Code: 0f 0b eb fe 4c 89 e7 e8 e9 fd ff ff 49 83 fd 10 75 35 8b b3 
RIP  [<ffffffff81068116>] check_dead_utrace+0xf2/0x158
 RSP <ffff810008ee3ca8>
Fixing recursive fault but reboot is needed!

---------------------------------------------------------------------


Version-Release number of selected component (if applicable):
kernel-2.6.22.7-57.fc6.x86_64

How reproducible:
After 42 runs of the testcase; testcase has 2000 internal loops =>
=> approx. 84000th cycle.

Steps to Reproduce:
1. gcc -o ./clone-get-signal ./clone-get-signal.c -Wall -ggdb2
2. while ./clone-get-signal ;do echo -n .;done

Actual results:
Kernel crash.

Expected results:
No kernel crash, just infinite dotting.

Comment 1 Jan Kratochvil 2007-09-30 14:55:11 UTC
Created attachment 211781 [details]
Testcase, a modified one from adobriyan-at-sw.ru.
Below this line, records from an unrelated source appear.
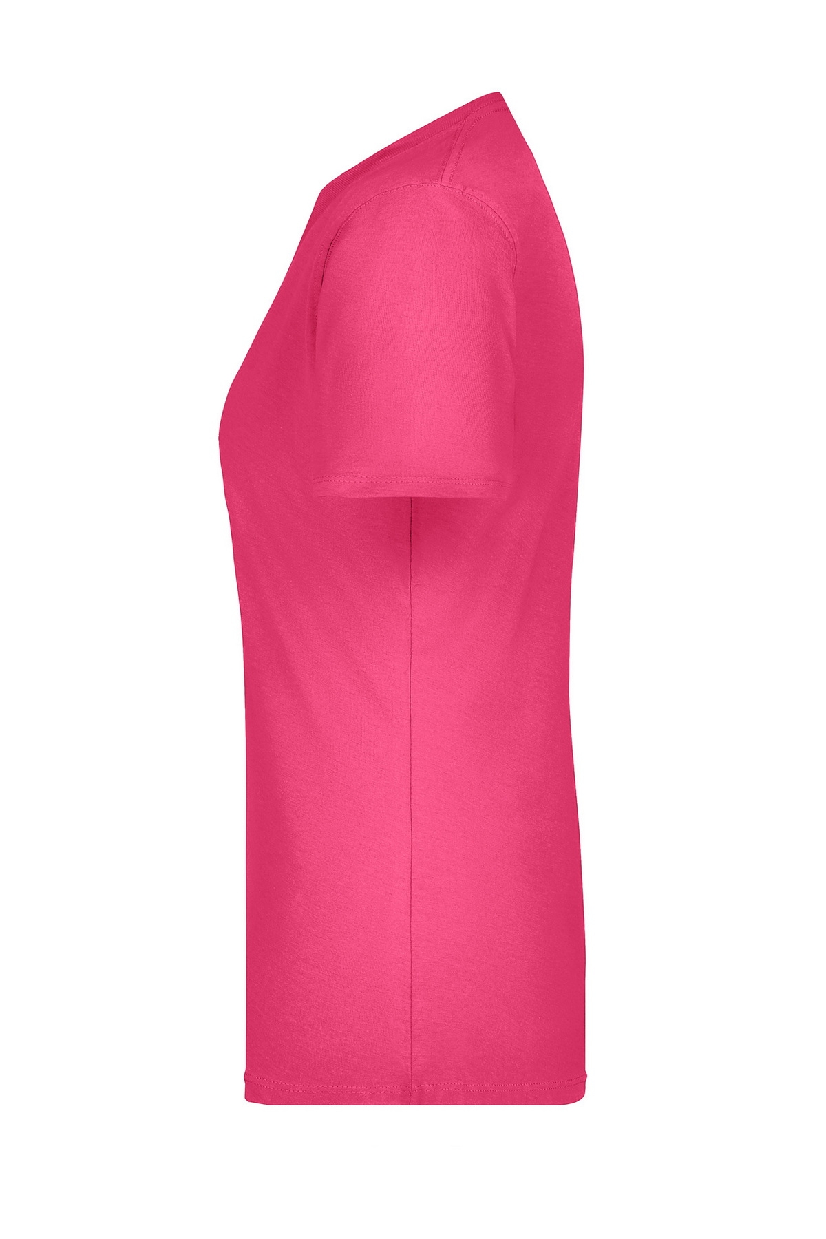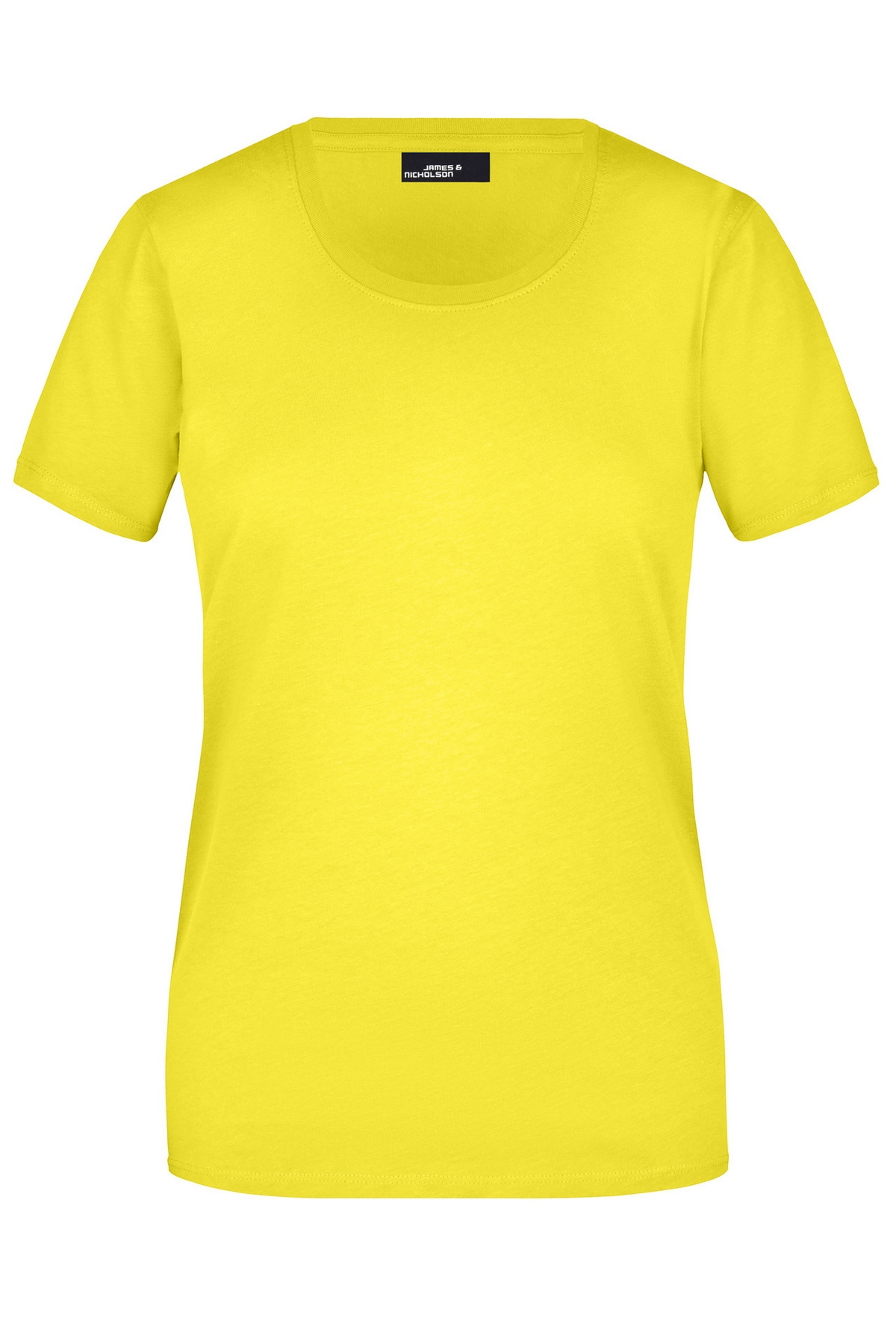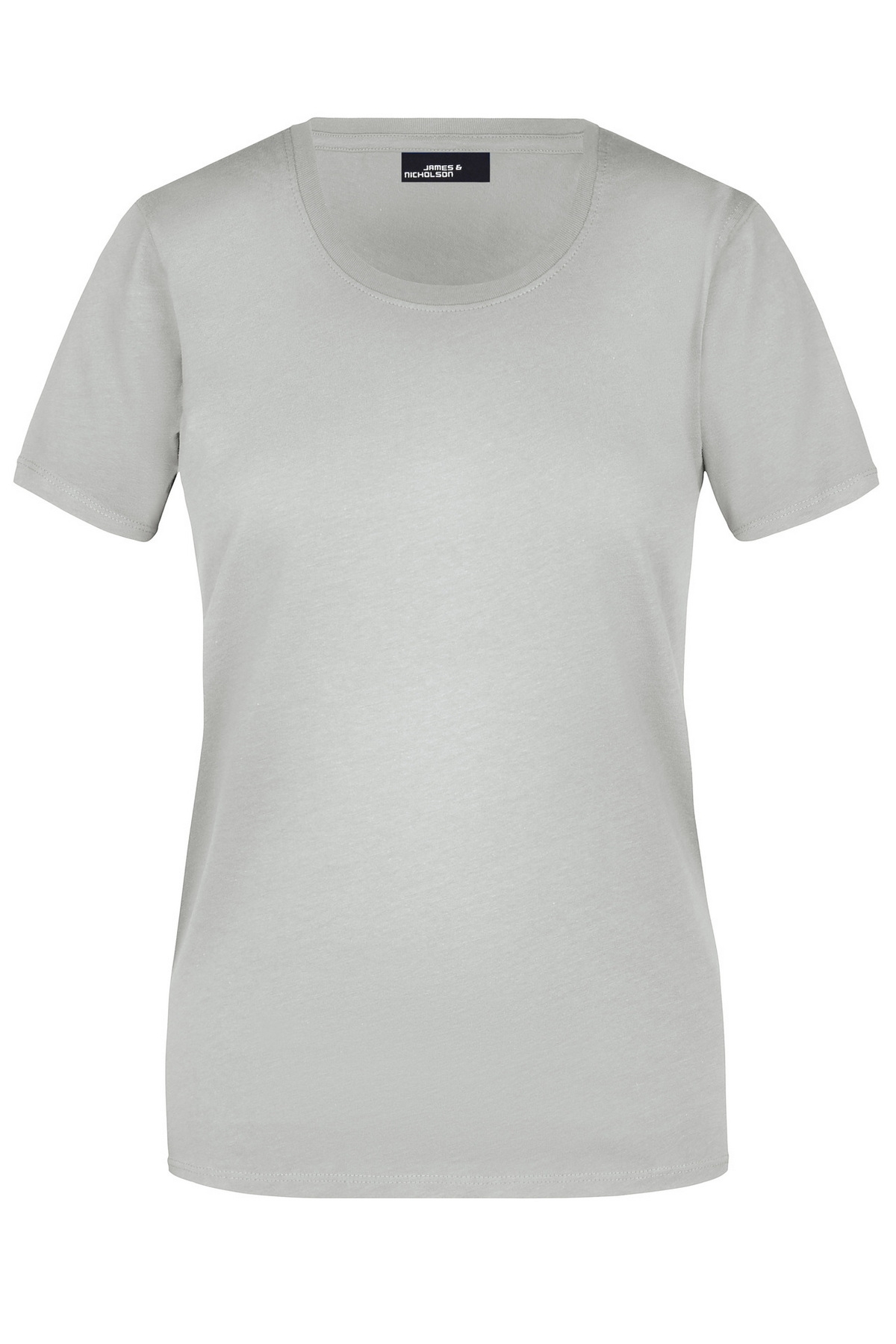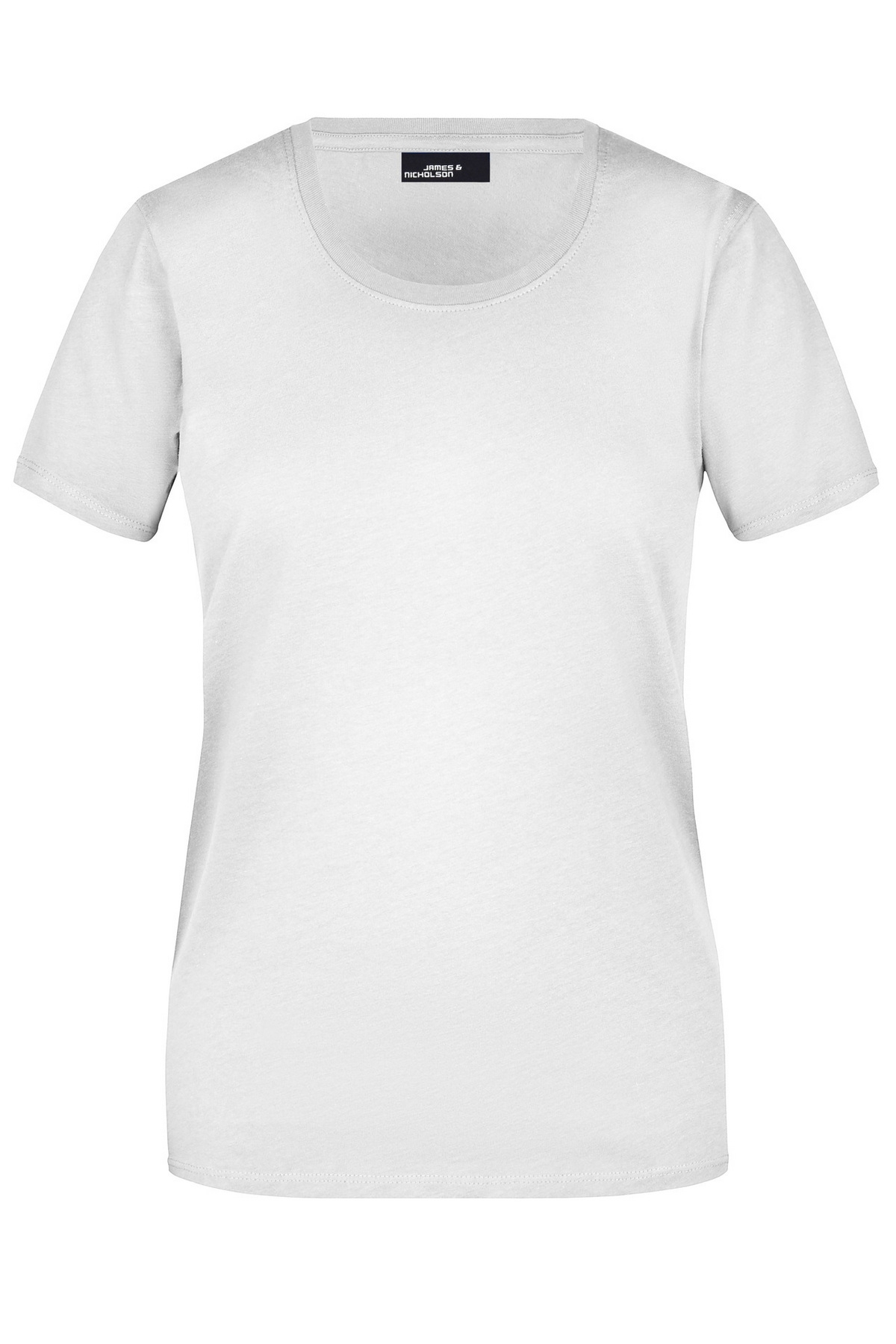 leicht tailliertes T-Shirt, Oberstoff: 100% Baumwolle - ca. 150 g/qm gekämmte, ringgesponnene Baumwolle Rundhalsausschnitt mit Elasthan, Necktape, mit Seitennaht Doppelnähte an den Schultern und Halsausschnitt 40°C waschbar
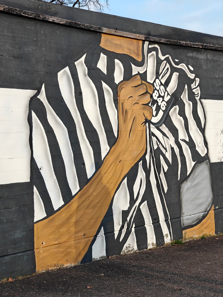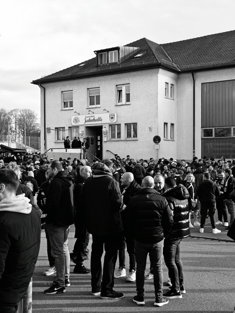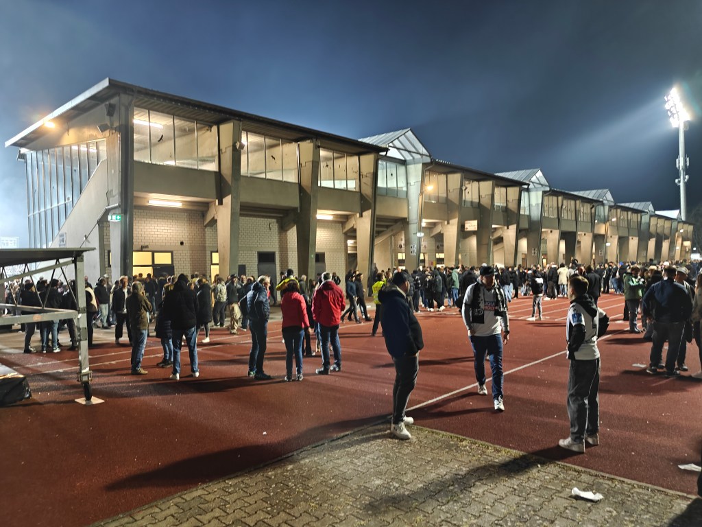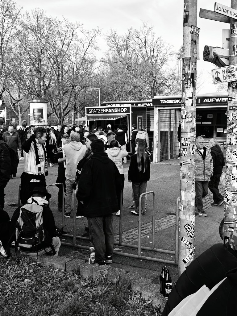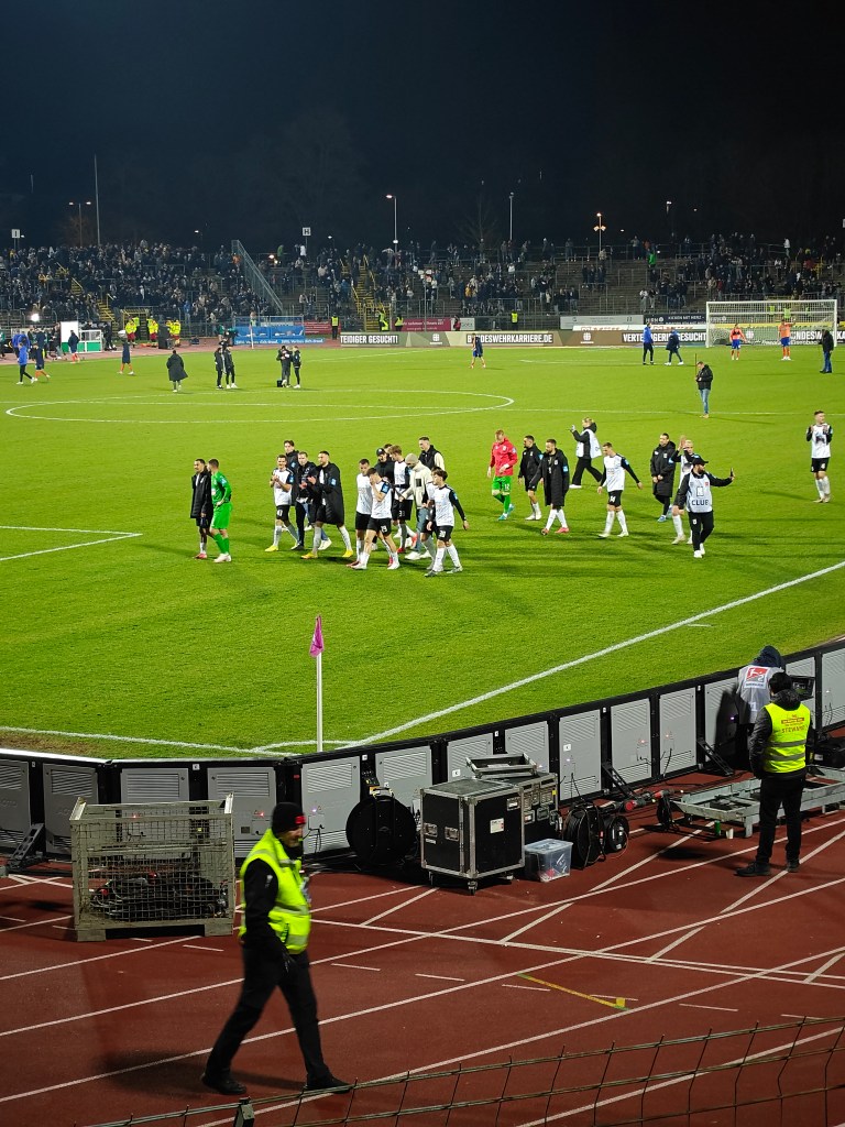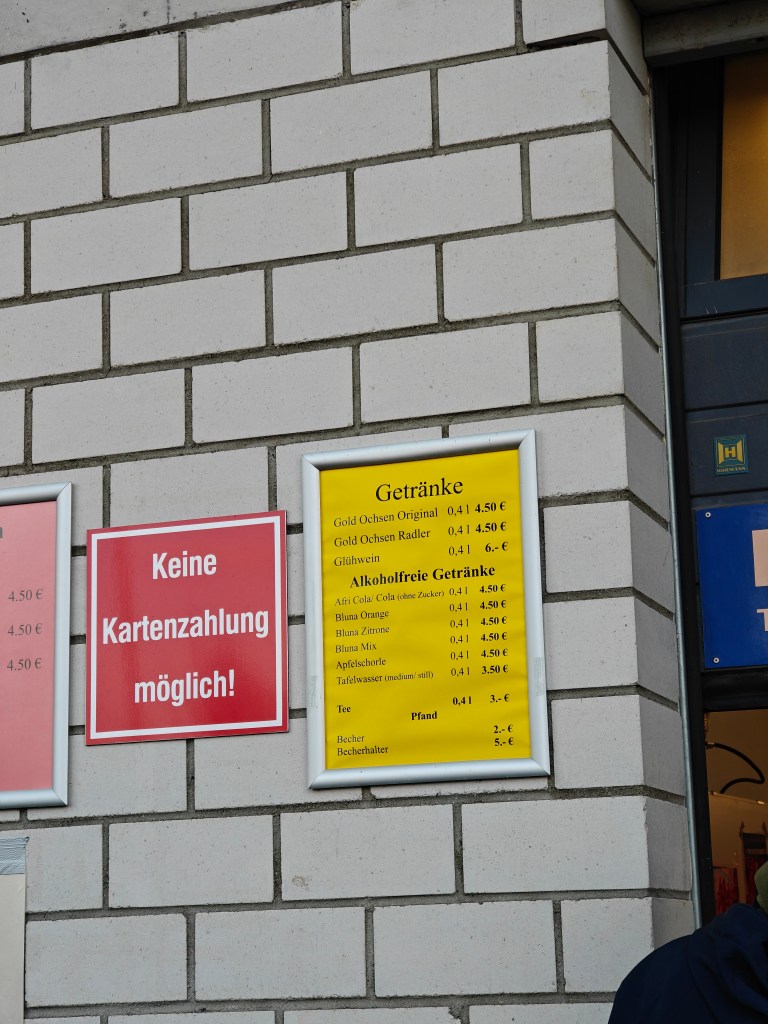 Tunnelma on hyvä. Ultrat pitävät molemmissa päissä jatkuvaa ääntä ja välillä myös muut katsomonosat osallistuvat laulamiseen. Ei tätä voi ehkä verrata Saksan kaikista lutuurisimpiin paikkoihin, mutta viihdymme, vaikka peli on kohtalaisen tylsää. Onneksi sentään tarjoilu pelaa ja koska olemme janoisia suomalaisia, niin ostamme kuuden tuopin pahvisen kantotelineen, jonka pantti on yllättäen viisi euroa. Kallista pahvia, mutta ainakin ekologista, kun roskaa ei jätetä lojumaan katsomoon. Itse 0,4 litran olut stadionilla maksaa 4,50 plus kahden euron pantti, mutta koska Saksa ja nykyteknologia ei vielä vuonna 2025 mahdu samaan lauseeseen, niin lähikiskassa maksutavaksi käy vain käteinen. Onneksi olemme valmistautuneet tähänkin.
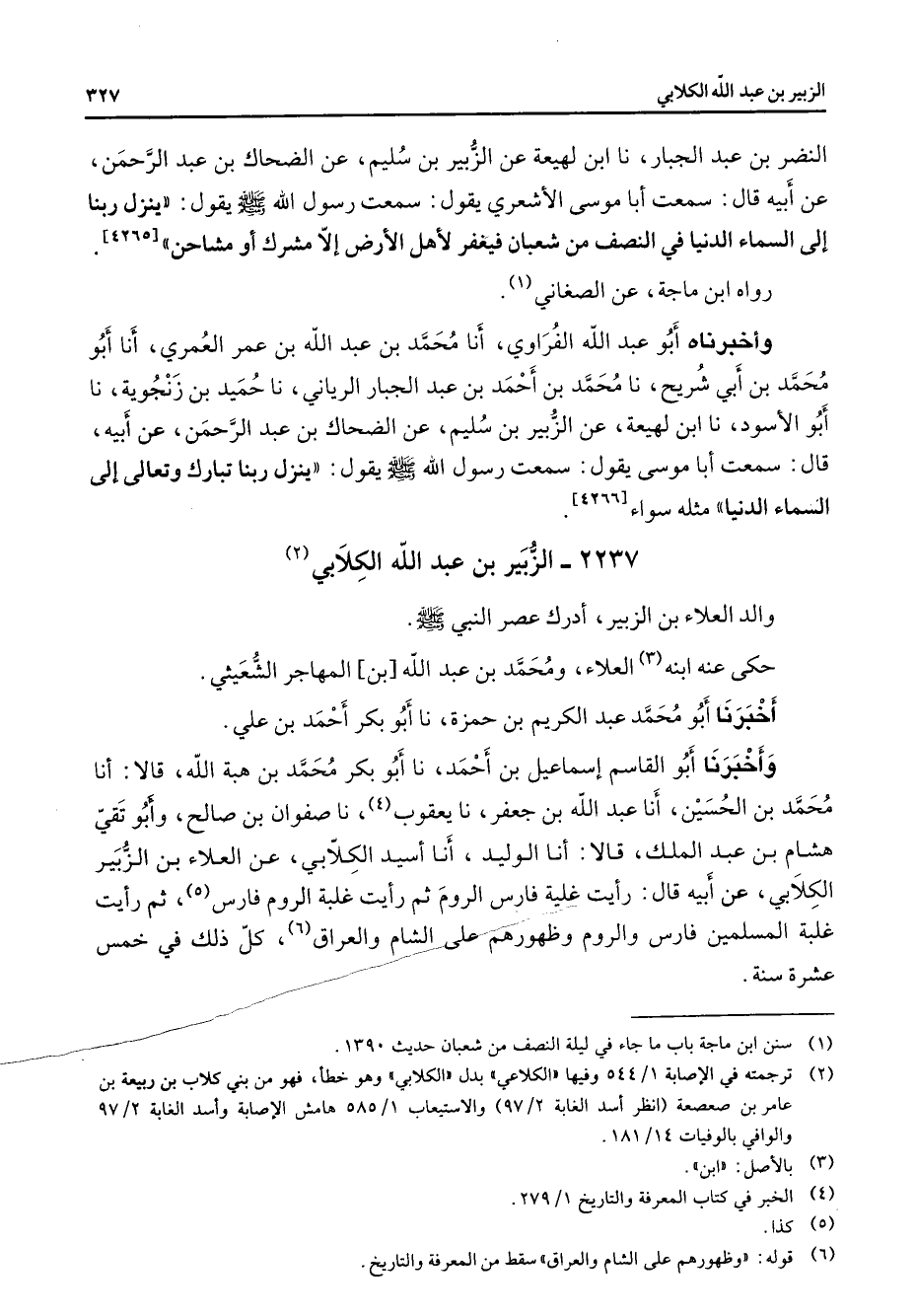 2237 - الزبير بن عبد الله الكلابي (2) والد العلاء بن الزبير أدرك عصر النبي (صلى الله عليه وسلم) حكى عنه ابنه (3) العلاء ومحمد بن عبد الله بن المهاجر الشعيثي أخبرنا أبو محمد عبد الكريم بن حمزة نا أبو بكر أحمد بن علي وأخبرنا أبو القاسم إسماعيل بن أحمد ناأو بكر محمد بن هبة الله قالا أنا محمد بن الحسين أنا عبد الله بن جعفر نا يعقوب (4) نا صفوان بن صالح وأبو تقي هشام بن عبد الملك قالا أنا الوليد أنا أسيد الكلابي عن العلاء بن الزبير الكلابي عن أبيه قال رأيت غلية فارس الروم ثم رأيت غلبة الروم وفارس (5) ثم رأيت غلبة المسلمين فارس والروم وظهورهم على الشام والعراق (6) كل ذلك في خمس عشرة سنة
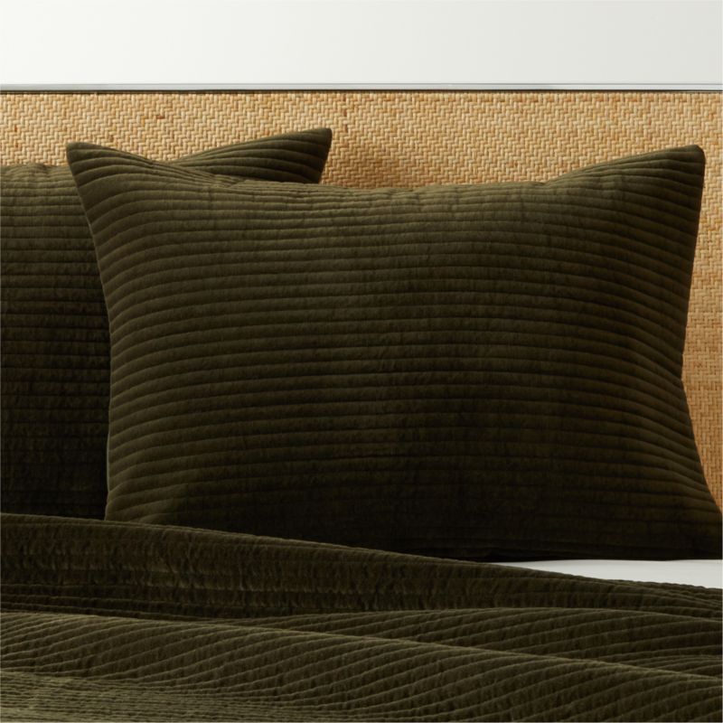 Rich forest green velvet shams bring an effortlessly glam look to the bedroom. Detailed stitching adds a soft, channeled texture to the front. Pair with matching quilt. CB2 exclusive.

Comment 2 Jon Stanley 2008-01-08 01:48:08 UTC
(This is a mass-update to all current FC6 kernel bugs in NEW state)

Hello,

I'm reviewing this bug list as part of the kernel bug triage project, an attempt
to isolate current bugs in the Fedora kernel.

http://fedoraproject.org/wiki/KernelBugTriage

I am CC'ing myself to this bug, however this version of Fedora is no longer
maintained.

Please attempt to reproduce this bug with a current version of Fedora (presently
Fedora 8). If the bug no longer exists, please close the bug or I'll do so in a
few days if there is no further information lodged.

Thanks for using Fedora!

Comment 3 Jon Stanley 2008-02-08 04:25:43 UTC
Per the previous comment in this bug, I am closing it as INSUFFICIENT_DATA,
since no information has been lodged for over 30 days.

Please re-open this bug or file a new one if you can provide the requested data,
and thanks for filing the original report!